- How to complete this task -
The records below hold a stretch from the line with "ヒルズ独自の繊維ブレンドが腸" through the line with "2)當(dāng)壓力一定時"; return exactly those lines, ends included, and nothing more.

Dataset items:
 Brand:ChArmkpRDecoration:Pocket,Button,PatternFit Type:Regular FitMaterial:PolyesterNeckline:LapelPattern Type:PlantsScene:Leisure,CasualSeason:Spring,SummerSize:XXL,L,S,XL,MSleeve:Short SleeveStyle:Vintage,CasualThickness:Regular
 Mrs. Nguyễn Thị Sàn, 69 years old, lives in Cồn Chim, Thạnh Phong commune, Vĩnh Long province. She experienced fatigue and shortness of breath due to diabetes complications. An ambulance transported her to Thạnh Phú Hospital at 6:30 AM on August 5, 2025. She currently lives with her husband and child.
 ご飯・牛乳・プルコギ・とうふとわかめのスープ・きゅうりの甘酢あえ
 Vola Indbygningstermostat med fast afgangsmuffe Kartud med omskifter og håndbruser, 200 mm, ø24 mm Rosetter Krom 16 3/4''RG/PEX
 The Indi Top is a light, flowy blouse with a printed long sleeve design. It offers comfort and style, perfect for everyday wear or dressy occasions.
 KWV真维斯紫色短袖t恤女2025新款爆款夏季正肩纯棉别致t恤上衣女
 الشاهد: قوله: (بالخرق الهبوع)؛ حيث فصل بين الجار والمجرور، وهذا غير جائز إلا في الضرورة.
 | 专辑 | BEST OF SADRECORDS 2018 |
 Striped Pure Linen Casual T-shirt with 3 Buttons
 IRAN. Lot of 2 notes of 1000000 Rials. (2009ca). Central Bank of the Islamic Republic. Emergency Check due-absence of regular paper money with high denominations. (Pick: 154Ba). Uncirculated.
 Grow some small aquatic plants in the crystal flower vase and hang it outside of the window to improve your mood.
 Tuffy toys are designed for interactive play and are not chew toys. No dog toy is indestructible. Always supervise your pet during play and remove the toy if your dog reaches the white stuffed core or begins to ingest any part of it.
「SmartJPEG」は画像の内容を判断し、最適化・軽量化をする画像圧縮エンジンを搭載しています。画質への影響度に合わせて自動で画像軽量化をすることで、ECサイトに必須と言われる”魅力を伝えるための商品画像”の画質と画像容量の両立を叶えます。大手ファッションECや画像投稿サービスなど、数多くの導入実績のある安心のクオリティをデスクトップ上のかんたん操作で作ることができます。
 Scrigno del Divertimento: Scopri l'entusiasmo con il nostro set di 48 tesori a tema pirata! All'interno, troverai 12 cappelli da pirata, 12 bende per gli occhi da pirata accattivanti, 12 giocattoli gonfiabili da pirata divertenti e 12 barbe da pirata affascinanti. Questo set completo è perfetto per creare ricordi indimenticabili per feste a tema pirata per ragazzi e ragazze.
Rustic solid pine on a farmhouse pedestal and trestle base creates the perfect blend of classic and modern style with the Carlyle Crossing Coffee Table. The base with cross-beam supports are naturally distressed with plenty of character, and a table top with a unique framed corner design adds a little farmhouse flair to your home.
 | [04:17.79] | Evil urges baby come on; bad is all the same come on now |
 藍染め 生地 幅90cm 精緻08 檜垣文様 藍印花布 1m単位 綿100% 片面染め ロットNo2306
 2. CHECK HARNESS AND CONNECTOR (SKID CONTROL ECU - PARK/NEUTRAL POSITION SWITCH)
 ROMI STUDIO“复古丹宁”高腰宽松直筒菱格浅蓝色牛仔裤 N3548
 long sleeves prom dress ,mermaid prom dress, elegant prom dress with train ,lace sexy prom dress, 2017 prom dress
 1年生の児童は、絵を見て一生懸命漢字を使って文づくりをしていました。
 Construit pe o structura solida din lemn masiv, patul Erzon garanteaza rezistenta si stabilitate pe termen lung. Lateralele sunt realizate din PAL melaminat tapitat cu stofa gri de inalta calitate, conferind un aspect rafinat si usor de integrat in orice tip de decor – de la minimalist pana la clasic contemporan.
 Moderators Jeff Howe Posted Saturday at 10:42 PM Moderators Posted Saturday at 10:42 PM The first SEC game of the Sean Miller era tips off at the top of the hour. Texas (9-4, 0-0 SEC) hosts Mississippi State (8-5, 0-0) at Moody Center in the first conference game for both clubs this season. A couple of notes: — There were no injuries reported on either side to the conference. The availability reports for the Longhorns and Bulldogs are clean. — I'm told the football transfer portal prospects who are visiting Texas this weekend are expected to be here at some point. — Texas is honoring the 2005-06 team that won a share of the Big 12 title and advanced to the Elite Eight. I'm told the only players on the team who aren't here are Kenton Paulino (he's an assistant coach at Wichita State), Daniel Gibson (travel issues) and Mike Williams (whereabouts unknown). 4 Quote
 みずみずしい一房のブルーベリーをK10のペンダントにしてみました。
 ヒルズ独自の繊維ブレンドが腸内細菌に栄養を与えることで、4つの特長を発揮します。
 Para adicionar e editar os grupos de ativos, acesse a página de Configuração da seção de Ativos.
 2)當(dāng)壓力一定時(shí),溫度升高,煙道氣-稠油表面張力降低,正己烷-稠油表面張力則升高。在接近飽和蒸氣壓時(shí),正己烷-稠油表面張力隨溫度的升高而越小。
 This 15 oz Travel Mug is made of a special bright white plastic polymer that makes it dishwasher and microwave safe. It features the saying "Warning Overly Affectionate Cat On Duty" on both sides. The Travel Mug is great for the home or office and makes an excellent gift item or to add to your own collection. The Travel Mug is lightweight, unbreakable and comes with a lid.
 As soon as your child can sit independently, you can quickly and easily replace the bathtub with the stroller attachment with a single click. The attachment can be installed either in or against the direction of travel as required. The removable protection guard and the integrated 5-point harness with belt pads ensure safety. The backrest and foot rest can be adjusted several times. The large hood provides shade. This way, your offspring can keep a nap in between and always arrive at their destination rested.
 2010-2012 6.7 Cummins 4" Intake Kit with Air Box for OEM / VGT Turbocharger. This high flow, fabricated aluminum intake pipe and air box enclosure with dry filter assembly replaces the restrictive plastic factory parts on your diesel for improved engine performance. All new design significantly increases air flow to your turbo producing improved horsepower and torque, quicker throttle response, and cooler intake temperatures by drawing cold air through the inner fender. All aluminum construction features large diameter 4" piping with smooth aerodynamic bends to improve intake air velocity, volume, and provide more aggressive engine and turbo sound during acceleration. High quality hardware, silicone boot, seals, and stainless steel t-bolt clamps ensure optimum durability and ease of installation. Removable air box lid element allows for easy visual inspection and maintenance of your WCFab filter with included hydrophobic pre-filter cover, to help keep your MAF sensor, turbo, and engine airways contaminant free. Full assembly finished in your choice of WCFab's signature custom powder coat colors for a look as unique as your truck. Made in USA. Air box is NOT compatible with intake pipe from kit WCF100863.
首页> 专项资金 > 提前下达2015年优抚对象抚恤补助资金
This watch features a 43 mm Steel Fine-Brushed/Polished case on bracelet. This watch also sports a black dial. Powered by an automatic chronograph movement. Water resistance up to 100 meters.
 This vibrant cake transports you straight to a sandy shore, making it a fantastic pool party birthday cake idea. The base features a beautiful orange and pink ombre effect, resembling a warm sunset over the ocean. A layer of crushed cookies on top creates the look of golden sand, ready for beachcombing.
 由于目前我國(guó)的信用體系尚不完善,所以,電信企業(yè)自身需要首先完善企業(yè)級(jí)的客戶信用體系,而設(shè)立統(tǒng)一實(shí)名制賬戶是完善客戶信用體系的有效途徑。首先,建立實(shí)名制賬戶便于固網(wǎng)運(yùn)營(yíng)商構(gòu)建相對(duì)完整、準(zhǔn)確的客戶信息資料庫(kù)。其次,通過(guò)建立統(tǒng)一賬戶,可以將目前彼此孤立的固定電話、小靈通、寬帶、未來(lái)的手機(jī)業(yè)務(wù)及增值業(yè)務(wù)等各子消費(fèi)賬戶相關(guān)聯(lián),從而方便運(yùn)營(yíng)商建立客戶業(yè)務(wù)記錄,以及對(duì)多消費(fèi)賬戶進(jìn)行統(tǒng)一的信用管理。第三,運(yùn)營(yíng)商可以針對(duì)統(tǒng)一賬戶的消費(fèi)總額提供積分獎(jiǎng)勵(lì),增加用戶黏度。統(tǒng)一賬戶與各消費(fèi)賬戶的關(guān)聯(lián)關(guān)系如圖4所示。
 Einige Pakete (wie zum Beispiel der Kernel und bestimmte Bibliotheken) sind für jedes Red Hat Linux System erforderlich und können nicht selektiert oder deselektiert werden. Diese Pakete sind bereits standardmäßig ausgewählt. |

- Task response -
 ヒルズ独自の繊維ブレンドが腸内細菌に栄養を与えることで、4つの特長を発揮します。
 Para adicionar e editar os grupos de ativos, acesse a página de Configuração da seção de Ativos.
 2)當(dāng)壓力一定時(shí),溫度升高,煙道氣-稠油表面張力降低,正己烷-稠油表面張力則升高。在接近飽和蒸氣壓時(shí),正己烷-稠油表面張力隨溫度的升高而越小。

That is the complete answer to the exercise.